▶ **WHAT NEEDS TO BE DONE**:
When you return the data, keep every word exact and include none of the images.

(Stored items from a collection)
══════

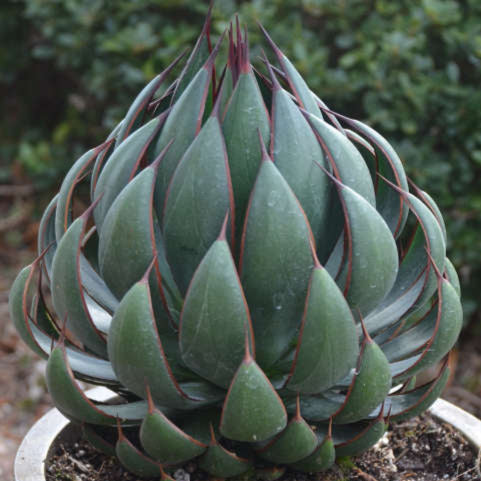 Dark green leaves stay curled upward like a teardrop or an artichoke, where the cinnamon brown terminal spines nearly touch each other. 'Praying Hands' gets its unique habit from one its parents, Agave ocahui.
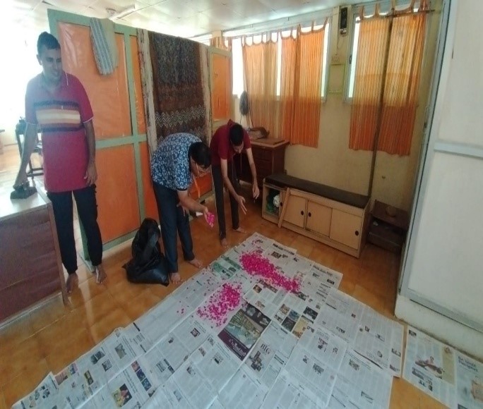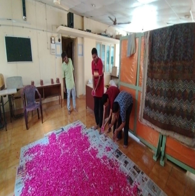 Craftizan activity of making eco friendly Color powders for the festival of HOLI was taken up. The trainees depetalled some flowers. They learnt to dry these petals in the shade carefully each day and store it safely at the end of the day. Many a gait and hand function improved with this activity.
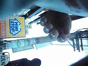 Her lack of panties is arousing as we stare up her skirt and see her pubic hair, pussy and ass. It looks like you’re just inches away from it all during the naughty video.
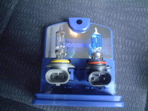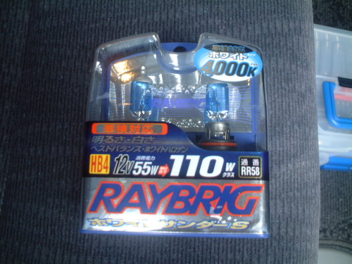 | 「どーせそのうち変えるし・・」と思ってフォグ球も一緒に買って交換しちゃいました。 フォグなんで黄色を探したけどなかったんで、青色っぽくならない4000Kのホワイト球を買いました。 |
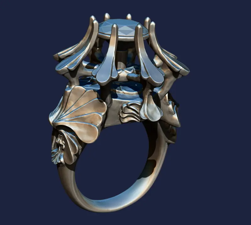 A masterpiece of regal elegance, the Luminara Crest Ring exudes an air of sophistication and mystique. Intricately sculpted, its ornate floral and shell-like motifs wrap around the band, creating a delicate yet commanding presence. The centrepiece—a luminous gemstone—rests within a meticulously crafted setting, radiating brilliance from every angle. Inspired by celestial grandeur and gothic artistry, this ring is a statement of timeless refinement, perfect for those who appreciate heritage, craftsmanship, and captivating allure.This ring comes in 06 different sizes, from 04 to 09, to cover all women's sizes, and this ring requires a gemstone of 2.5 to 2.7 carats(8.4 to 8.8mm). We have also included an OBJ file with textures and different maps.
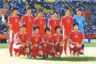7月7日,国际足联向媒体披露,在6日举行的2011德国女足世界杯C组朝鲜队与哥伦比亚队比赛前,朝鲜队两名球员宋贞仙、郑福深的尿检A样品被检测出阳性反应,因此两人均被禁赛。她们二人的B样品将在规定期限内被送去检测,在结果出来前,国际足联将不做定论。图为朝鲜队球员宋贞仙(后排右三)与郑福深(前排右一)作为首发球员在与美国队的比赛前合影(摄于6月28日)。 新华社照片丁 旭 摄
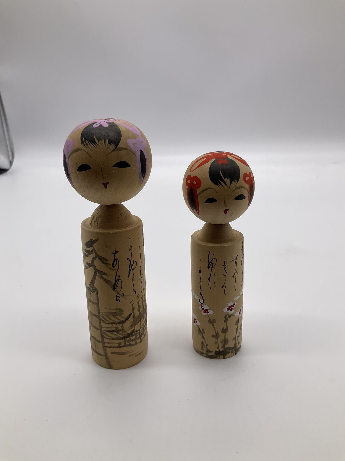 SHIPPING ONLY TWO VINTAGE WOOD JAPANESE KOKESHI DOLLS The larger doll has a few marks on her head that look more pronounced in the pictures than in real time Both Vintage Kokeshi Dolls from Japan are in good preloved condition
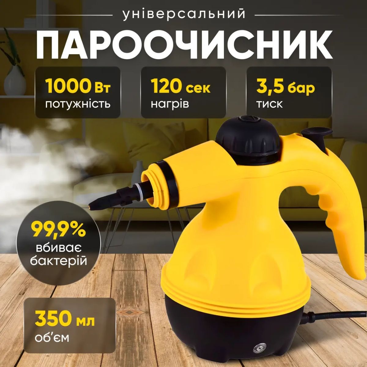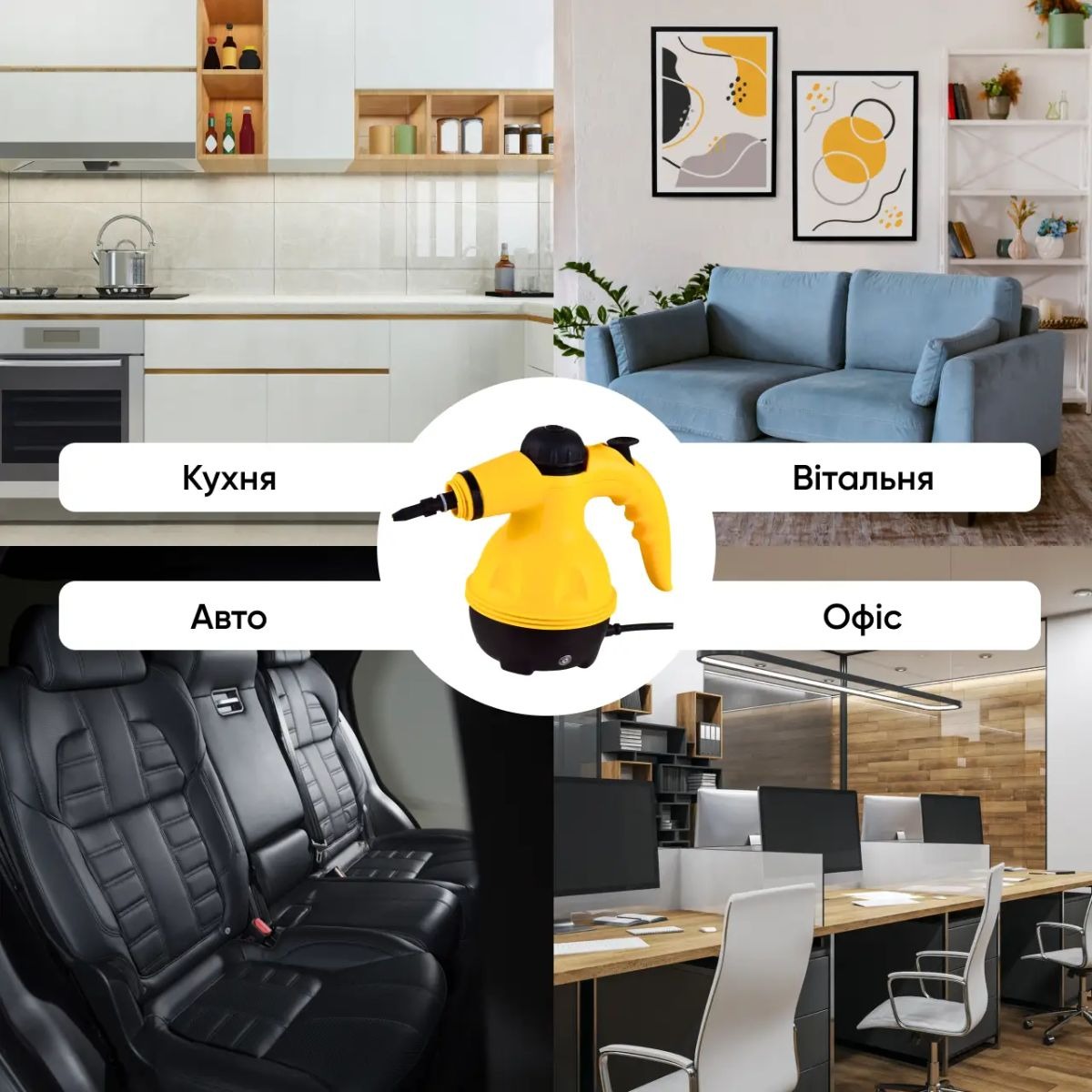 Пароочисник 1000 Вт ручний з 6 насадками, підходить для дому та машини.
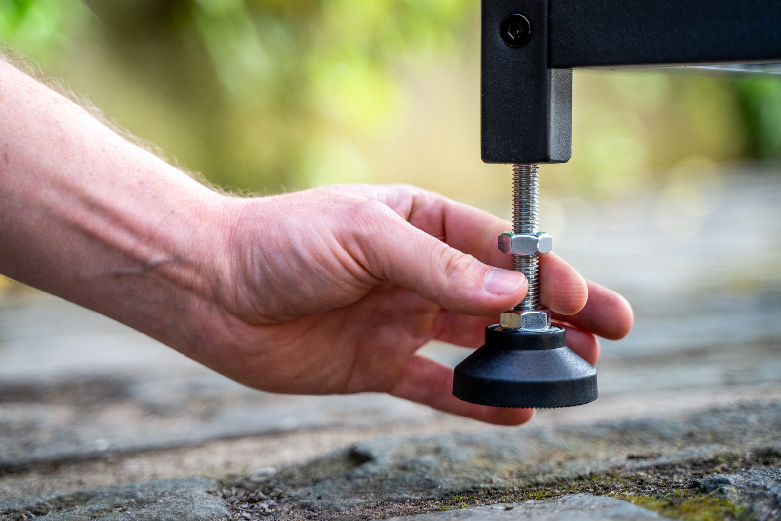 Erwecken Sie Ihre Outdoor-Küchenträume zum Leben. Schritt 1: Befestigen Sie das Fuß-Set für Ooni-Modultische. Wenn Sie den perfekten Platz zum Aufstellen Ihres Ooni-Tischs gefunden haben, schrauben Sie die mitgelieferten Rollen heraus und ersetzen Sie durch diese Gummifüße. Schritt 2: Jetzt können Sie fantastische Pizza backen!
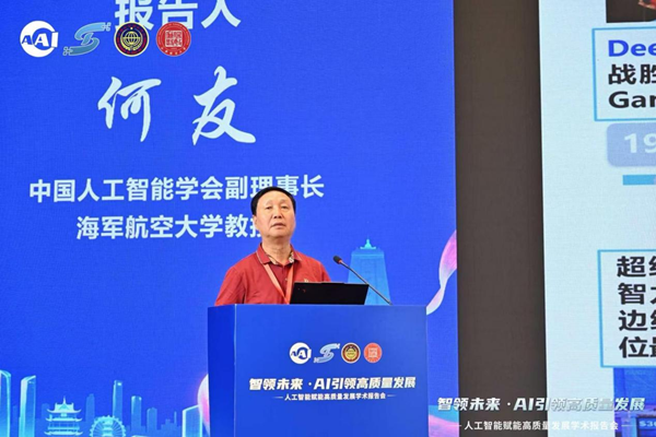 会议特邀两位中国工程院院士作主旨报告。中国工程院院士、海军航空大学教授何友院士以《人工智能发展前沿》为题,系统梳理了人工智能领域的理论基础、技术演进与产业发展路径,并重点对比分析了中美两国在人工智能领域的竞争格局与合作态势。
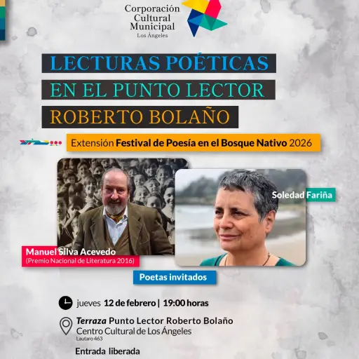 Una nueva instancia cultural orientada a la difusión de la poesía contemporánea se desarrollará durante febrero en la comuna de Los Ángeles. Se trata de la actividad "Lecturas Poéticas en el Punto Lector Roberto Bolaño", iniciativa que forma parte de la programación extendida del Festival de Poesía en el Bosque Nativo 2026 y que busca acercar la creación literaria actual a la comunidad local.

══════

▶ **EXERCISE RESPONSE**:
 Dark green leaves stay curled upward like a teardrop or an artichoke, where the cinnamon brown terminal spines nearly touch each other. 'Praying Hands' gets its unique habit from one its parents, Agave ocahui.
 Craftizan activity of making eco friendly Color powders for the festival of HOLI was taken up. The trainees depetalled some flowers. They learnt to dry these petals in the shade carefully each day and store it safely at the end of the day. Many a gait and hand function improved with this activity.
 Her lack of panties is arousing as we stare up her skirt and see her pubic hair, pussy and ass. It looks like you’re just inches away from it all during the naughty video.
 | 「どーせそのうち変えるし・・」と思ってフォグ球も一緒に買って交換しちゃいました。 フォグなんで黄色を探したけどなかったんで、青色っぽくならない4000Kのホワイト球を買いました。 |
 A masterpiece of regal elegance, the Luminara Crest Ring exudes an air of sophistication and mystique. Intricately sculpted, its ornate floral and shell-like motifs wrap around the band, creating a delicate yet commanding presence. The centrepiece—a luminous gemstone—rests within a meticulously crafted setting, radiating brilliance from every angle. Inspired by celestial grandeur and gothic artistry, this ring is a statement of timeless refinement, perfect for those who appreciate heritage, craftsmanship, and captivating allure.This ring comes in 06 different sizes, from 04 to 09, to cover all women's sizes, and this ring requires a gemstone of 2.5 to 2.7 carats(8.4 to 8.8mm). We have also included an OBJ file with textures and different maps.
7月7日,国际足联向媒体披露,在6日举行的2011德国女足世界杯C组朝鲜队与哥伦比亚队比赛前,朝鲜队两名球员宋贞仙、郑福深的尿检A样品被检测出阳性反应,因此两人均被禁赛。她们二人的B样品将在规定期限内被送去检测,在结果出来前,国际足联将不做定论。图为朝鲜队球员宋贞仙(后排右三)与郑福深(前排右一)作为首发球员在与美国队的比赛前合影(摄于6月28日)。 新华社照片丁 旭 摄
 SHIPPING ONLY TWO VINTAGE WOOD JAPANESE KOKESHI DOLLS The larger doll has a few marks on her head that look more pronounced in the pictures than in real time Both Vintage Kokeshi Dolls from Japan are in good preloved condition
 Пароочисник 1000 Вт ручний з 6 насадками, підходить для дому та машини.
 Erwecken Sie Ihre Outdoor-Küchenträume zum Leben. Schritt 1: Befestigen Sie das Fuß-Set für Ooni-Modultische. Wenn Sie den perfekten Platz zum Aufstellen Ihres Ooni-Tischs gefunden haben, schrauben Sie die mitgelieferten Rollen heraus und ersetzen Sie durch diese Gummifüße. Schritt 2: Jetzt können Sie fantastische Pizza backen!
 会议特邀两位中国工程院院士作主旨报告。中国工程院院士、海军航空大学教授何友院士以《人工智能发展前沿》为题,系统梳理了人工智能领域的理论基础、技术演进与产业发展路径,并重点对比分析了中美两国在人工智能领域的竞争格局与合作态势。
 Una nueva instancia cultural orientada a la difusión de la poesía contemporánea se desarrollará durante febrero en la comuna de Los Ángeles. Se trata de la actividad "Lecturas Poéticas en el Punto Lector Roberto Bolaño", iniciativa que forma parte de la programación extendida del Festival de Poesía en el Bosque Nativo 2026 y que busca acercar la creación literaria actual a la comunidad local.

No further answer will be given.